TEMPO.CO, Surabaya - Pengamat komunikasi politik dari Universitas Pembangunan Nasional Veteran Jawa Timur, Zainal Abidin Achmad, menilai sikap Tri Rismaharini menunjukkan kegamangan antara mundur atau bertahan menjadi Wali Kota Surabaya. "Beliau masih dalam tahap gamang," kata Zainal pada Tempo, Jumat, 28 Februari 2014.
Namun secara politik dan sosial dukungan masyarakat kota, Risma harus bertahan. Sebab, dengan bertahan, Risma menunjukkan bahwa dukungan publik lebih kuat daripada tekanan politik yang dihadapinya.
Zainal mengaku mengenal Risma sejak menjadi tim peneliti sekolah gratis untuk sekolah menengah kejuruan beberapa waktu lalu. Ia memahami sosok Risma yang tahan banting. Tekanan menjadi hal yang biasa bagi Risma. Karena itu, jika Risma bersikap seperti sekarang, artinya ada tekanan luar biasa yang dihadapinya di luar polemik pemilihan Wakil Wali Kota Surabaya. "Polemik wawali itu bagian kecil saja.

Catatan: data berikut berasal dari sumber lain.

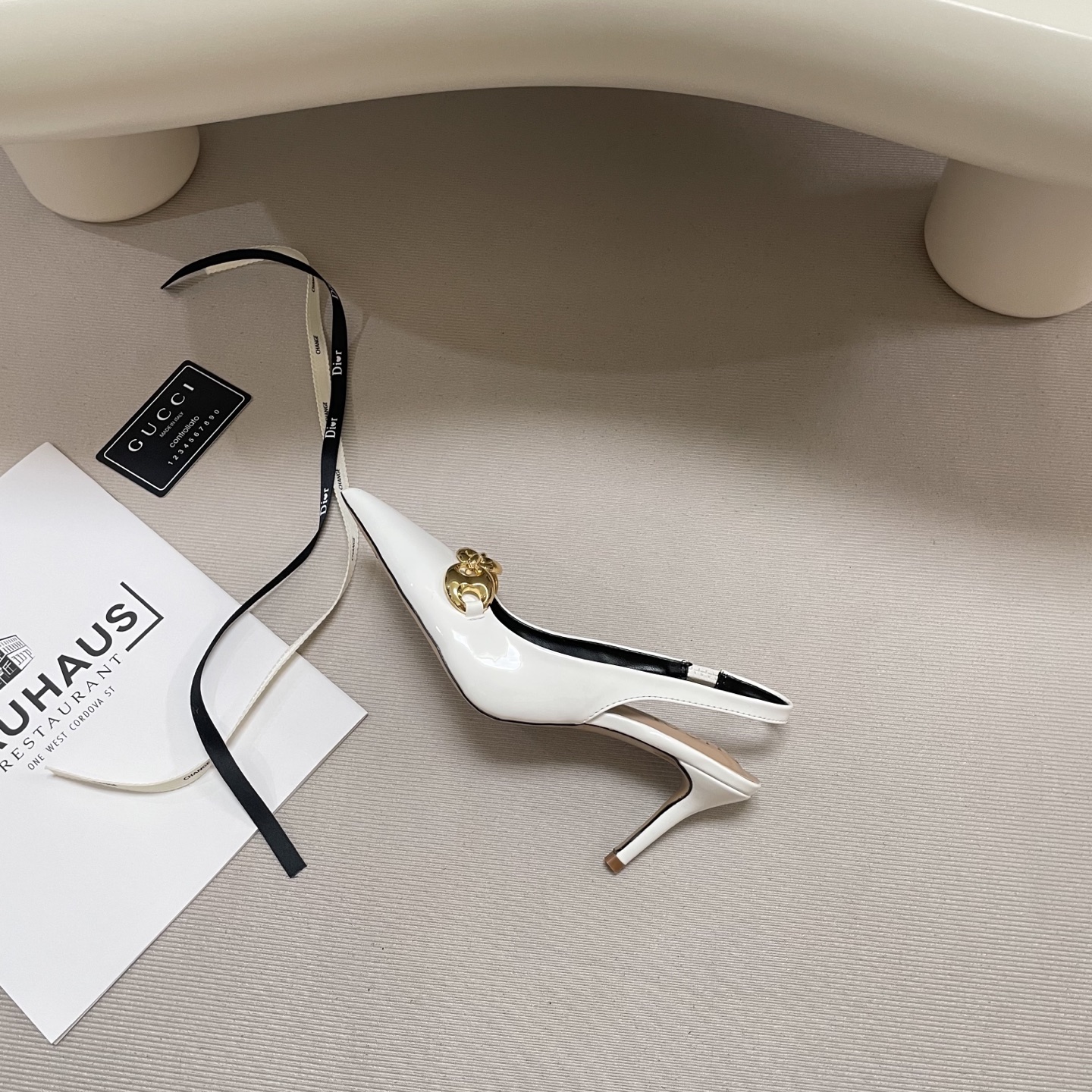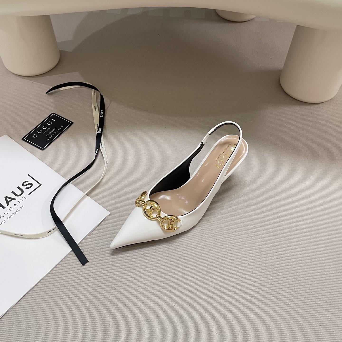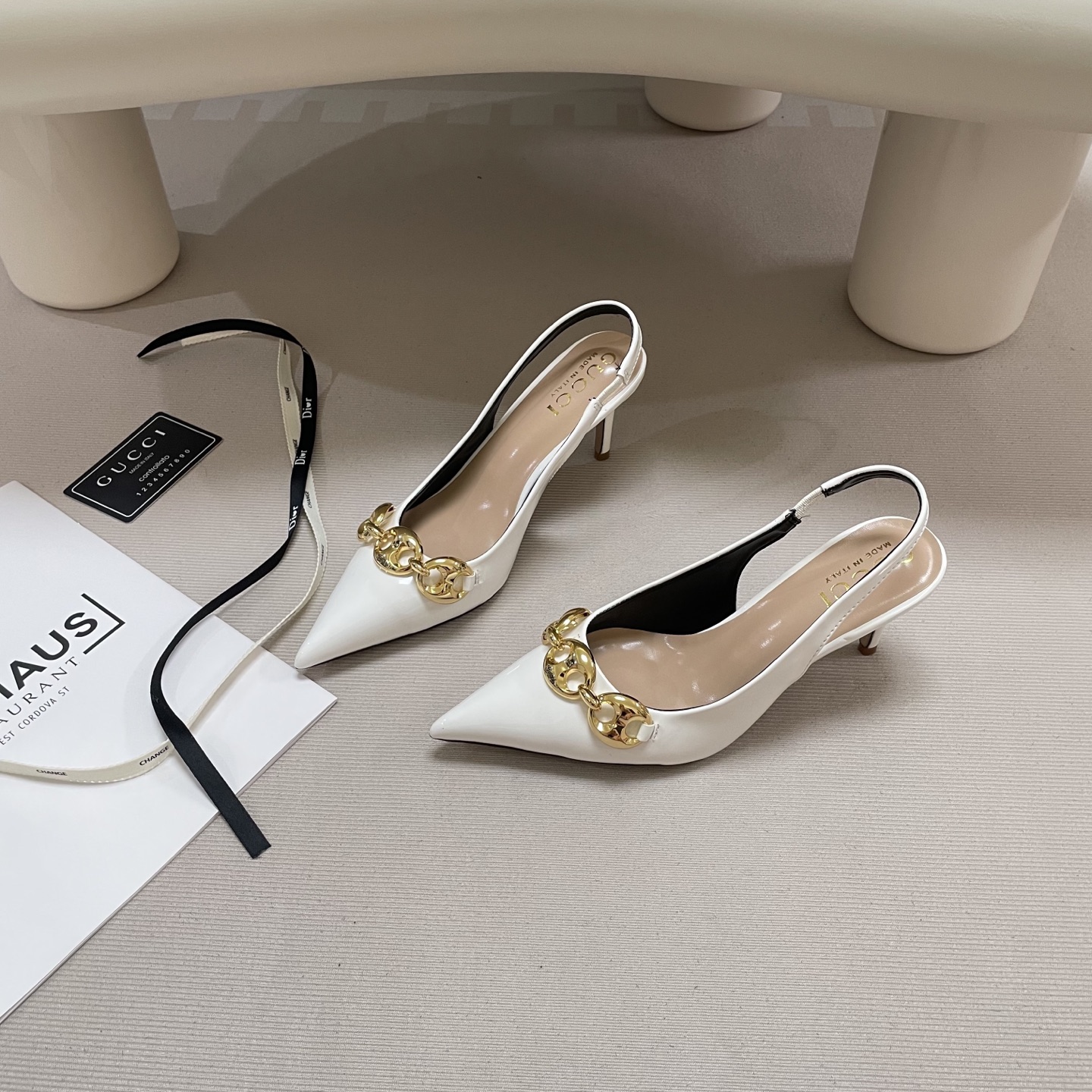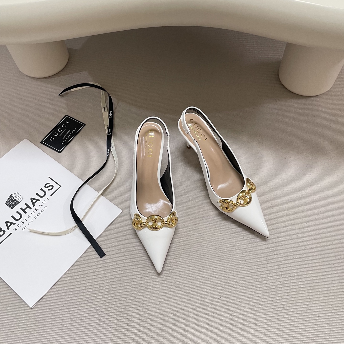 Gucci White Leather Slingback Pumps with Gold Chain Detail - Pointed Toe

Ada skenario besar terhadap Risma."
Bahkan, menurut lulusan Fakultas Ilmu Sosial dan Politik Universitas Airlangga ini, ada pihak-pihak yang berteriak senang ketika Risma menjadi gamang dan bingung. Pihak-pihak itu bisa dari internal partai pengusungnya, PDIP, ataupun dari mereka yang memiliki kans politik ke depan.

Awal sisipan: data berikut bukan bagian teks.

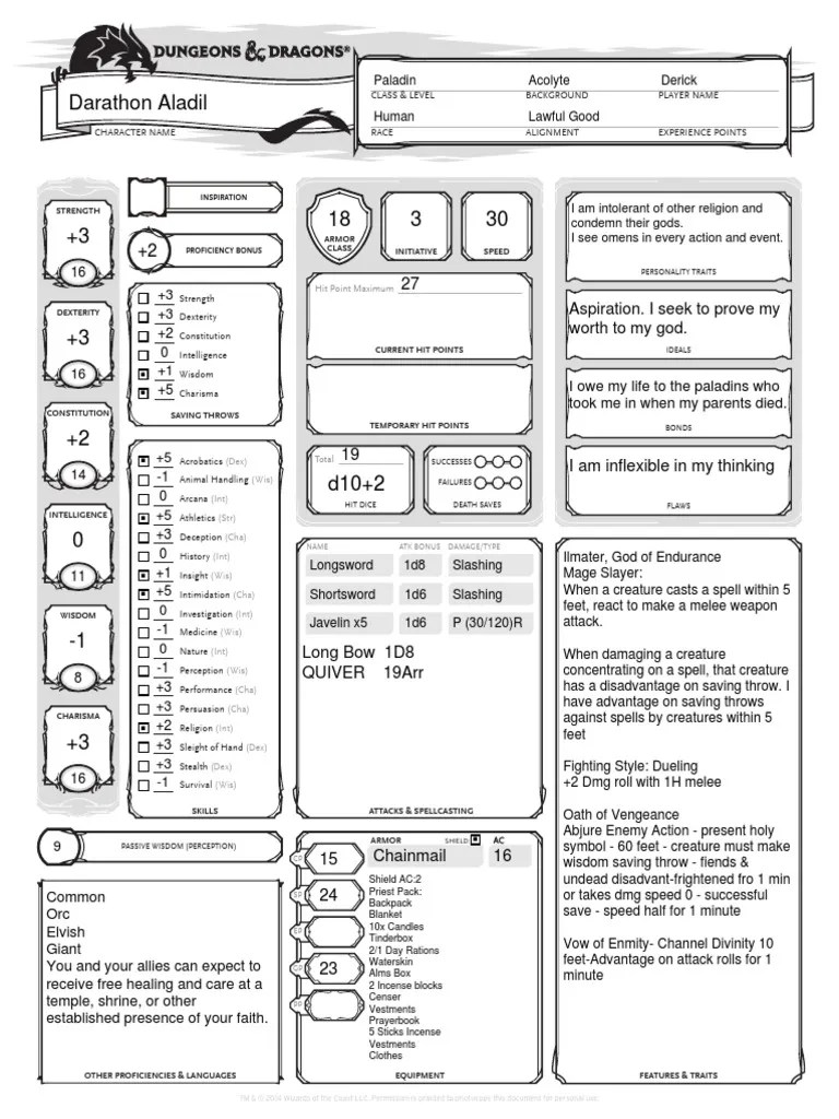 Dnd Character Sheet Premade - Web our premade character sheets let you skip the complicated stuff and start playing in minutes. Kassoon list of premade 5th edition d&d character sheets Web a list of premade characters for 5th edition d&d, in a variety of different classes, races, and levels. Create a d&d character in minutes and jump into the action with your digital character sheet. Web d&d beyond’s free character builder makes it quick and easy. Plus, the links below provide even further d&d character. Download character sheets from the d&d starter set: Filled with animalistic fury, you charge headfirst into.
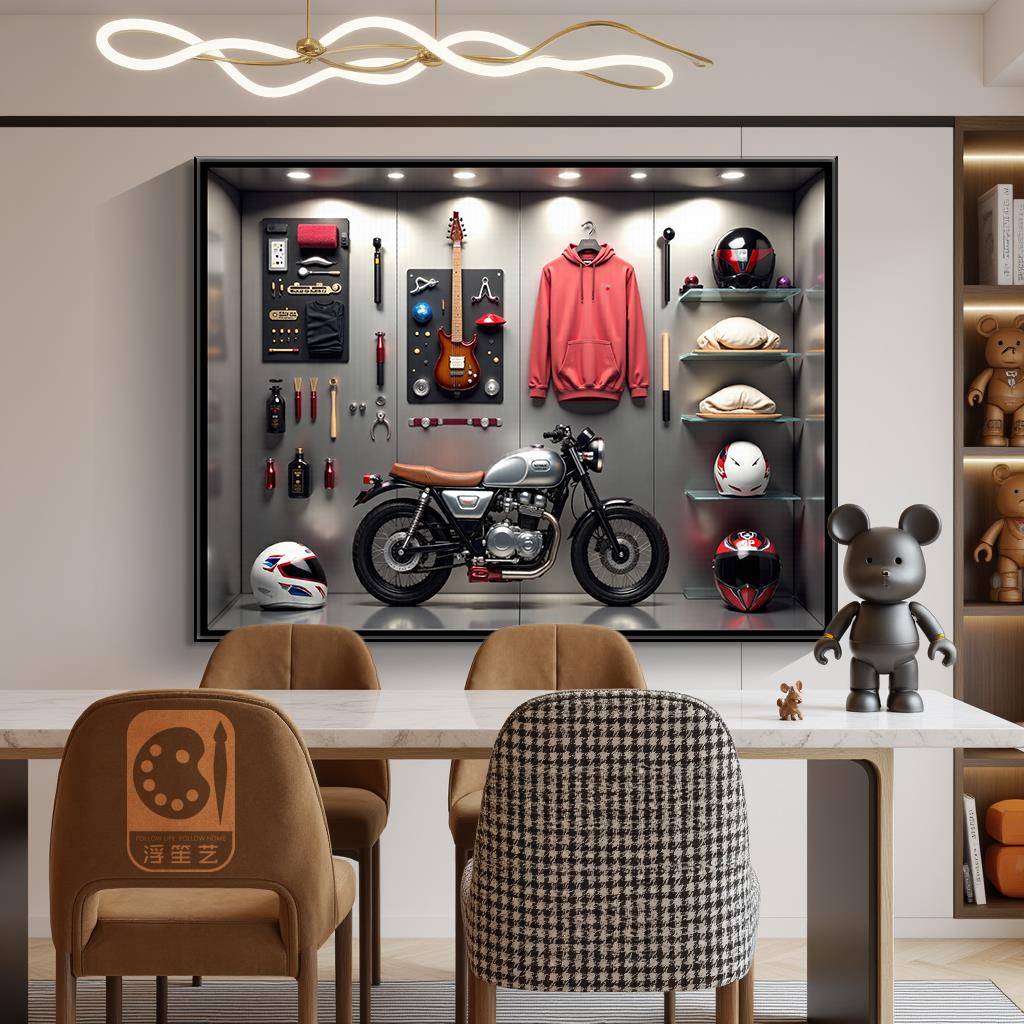 摩托车挂画高级感led带灯壁画电竞房网咖机车挂画男孩卧室装饰画
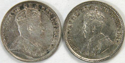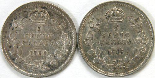 Canada Five Cents Silver 1909 Round Leaves and 1915. Two very lightly toned pieces, both EF
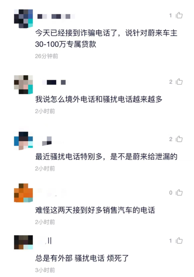 雷达财经注意到,在蔚来社区里,有多位网友反馈称最近接到的骚扰电话较多。甚至有网友称,自己已于12月21日收到诈骗电话,对方称可以为蔚来车主提供30万至100万元的专属贷款。

Menurut Zainal, publik Kota Surabaya masih sangat membutuhkan Risma. Jadi, sangat disayangkan bila Risma memilih mundur. Pilihan sikap dan gaya komunikasi yang ditunjukkan Risma memang alami, mengingat dia bukan berlatar belakang politik. Bisa jadi karena dia kurang memahami bahwa hal itu berdampak signifikan terhadap penilaian publik.
Komunikasi-komunikasi yang dilakukan Risma, di sisi lain, juga menampilkan kekuatan sosok Risma. Tidak heran jika kemudian partai-partai lain ingin mendekatinya. PDIP yang justru dianggap Zainal menyia-nyiakan Risma. "PDIP dianggap tidak solid. Pihak atau partai lain akan tertawa melihat itu." Sosok Risma terlanjur kuat mengakar dan dicintai masyarakat Surabaya. Menjadi blunder bagi PDIP jika partai ini lantas menyia-nyiakan Risma.